Viewing a single comment thread. View all comments

Numerous-Carrot3910 t1_j5jhhkg wrote

Hi, I’m trying to build a model with a large number of categorical predictor variables that each have a large number of internal categories. Implementing OHE leads to a higher dimensional dataset than I want to work with. Does anyone have advice for dealing with this other than using subject matter expertise or iteration to perform feature selection? Thanks!

1

trnka t1_j5k4ldr wrote

It depends on the data and the problems you're having with high-dimensional data.

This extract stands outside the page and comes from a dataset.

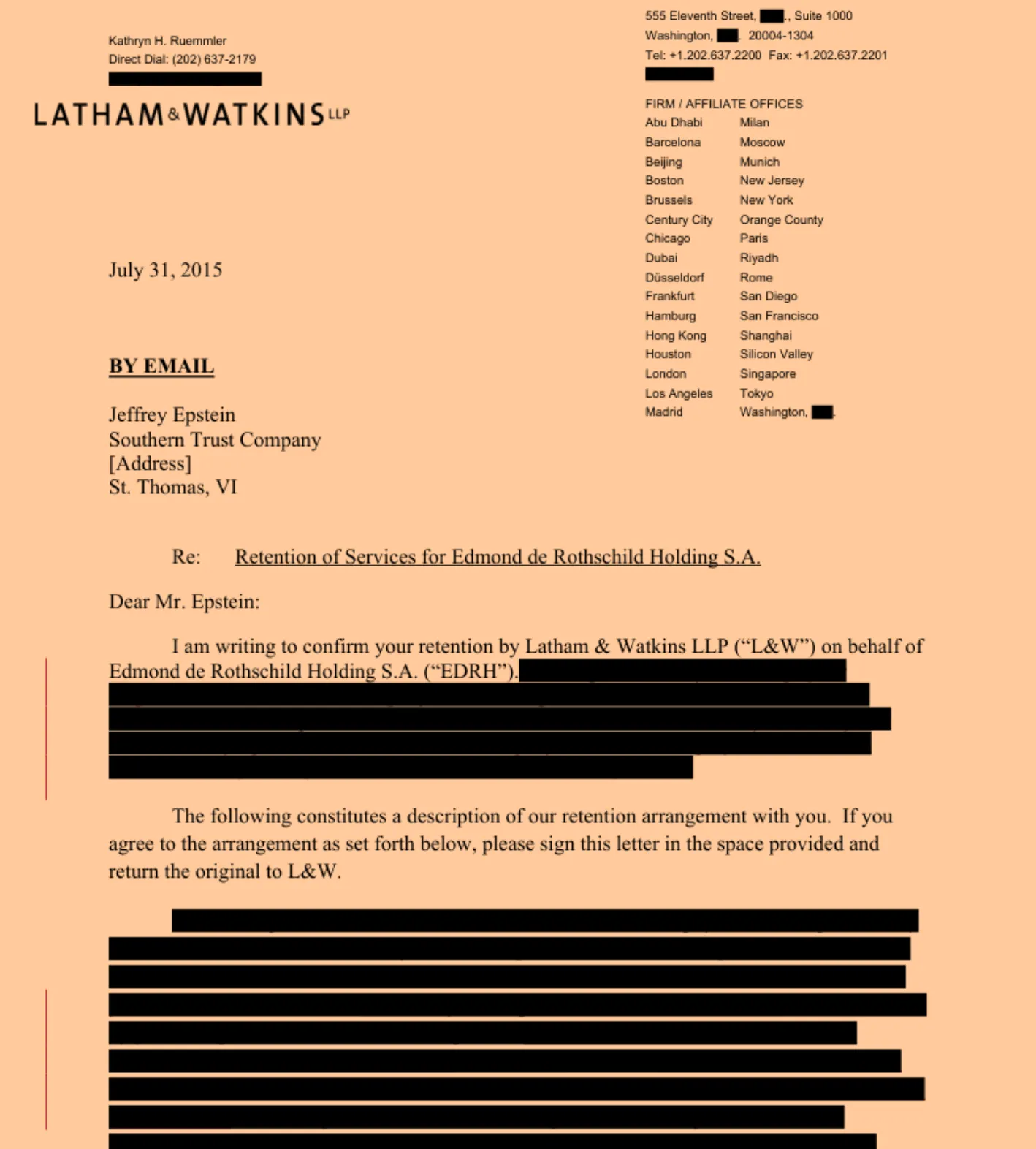 Die berufliche Beziehung beschränkte sich nicht auf informelle Koordination. Am 31. Juli 2015 sandte Kathryn Ruemmler, damals Partnerin bei Latham & Watkins LLP, Epstein ein formelles Mandatsschreiben, das seine Beauftragung als Berater im Namen von EDRH bestätigte (EFTA00582812). Das Schreiben, von Epstein unterzeichnet und von EDRH mit «reviewed and agreed» gegengezeichnet, war auf dem Briefpapier von Latham & Watkins verfasst und direkt an Epstein bei der Southern Trust Company in St. Thomas adressiert. Ruemmler schloss mit den Worten: «Thank you very much for agreeing to act as a consultant in this matter.» («Vielen Dank, dass du dich bereit erklärt hast, in dieser Angelegenheit als Berater zu fungieren.») Epstein war kein Kontakt, den sie übernommen hatte. Er war jemand, den sie formell mandatierte.

  • If the variables are phrases like "acute sinusitis, site not specified" you could use a one hot encoding of ngrams that appear in them.
  • If you have many rare values, you can just retain the top K values per feature.
  • If those don't work, the hashing trick is another great thing to try. It's just not easily interpretable.
  • If there's any internal structure to the categories, like if they're hierarchical in some way, you can cut them off at a higher level in the hierarchy
2

Numerous-Carrot3910 t1_j5ka168 wrote

Thanks for your response! Even with retaining the top K values of each feature, there are still a large number of features to consider. I haven’t tried the hashing trick, so I will look into that

1

trnka t1_j5kksex wrote

Hmm, you might also try feature selection. I'm not sure what you mean by not iterating, unless you mean recursive feature elimination? There are a lot of really fast correlation functions you can try for feature selection -- scikit-learn has some popular options. They run very quickly, and if you have lots of data you can probably do the feature selection part on a random subset of the training data.

Also, you could do things like dimensionality reduction learned from a subset of the training data, whether PCA or a NN approach.

1

Numerous-Carrot3910 t1_j5kuwul wrote

Yes, I was referring to recursive feature elimination. Thanks for the recommendations

1